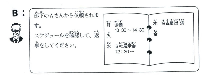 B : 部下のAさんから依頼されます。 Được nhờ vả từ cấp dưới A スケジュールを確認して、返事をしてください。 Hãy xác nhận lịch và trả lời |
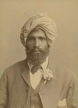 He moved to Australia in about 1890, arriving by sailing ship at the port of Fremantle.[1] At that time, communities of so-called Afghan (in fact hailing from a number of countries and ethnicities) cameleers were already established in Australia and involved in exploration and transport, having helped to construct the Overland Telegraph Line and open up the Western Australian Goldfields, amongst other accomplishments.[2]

▬▬▬▬▬▬

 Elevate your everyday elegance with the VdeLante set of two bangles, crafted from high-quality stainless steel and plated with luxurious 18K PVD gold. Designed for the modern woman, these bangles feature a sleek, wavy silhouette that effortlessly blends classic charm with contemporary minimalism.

▬▬▬▬▬▬

> [WORK REQUEST] The lines to copy exactly start with the line above that has "B : 部下のAさんから依頼されます。" and go on through the line that has "He moved to"; please include both, add nothing else, and omit the pictures.

> [SOLUTION FOR THIS EXERCISE]
 B : 部下のAさんから依頼されます。 Được nhờ vả từ cấp dưới A スケジュールを確認して、返事をしてください。 Hãy xác nhận lịch và trả lời |
 He moved to Australia in about 1890, arriving by sailing ship at the port of Fremantle.[1] At that time, communities of so-called Afghan (in fact hailing from a number of countries and ethnicities) cameleers were already established in Australia and involved in exploration and transport, having helped to construct the Overland Telegraph Line and open up the Western Australian Goldfields, amongst other accomplishments.[2]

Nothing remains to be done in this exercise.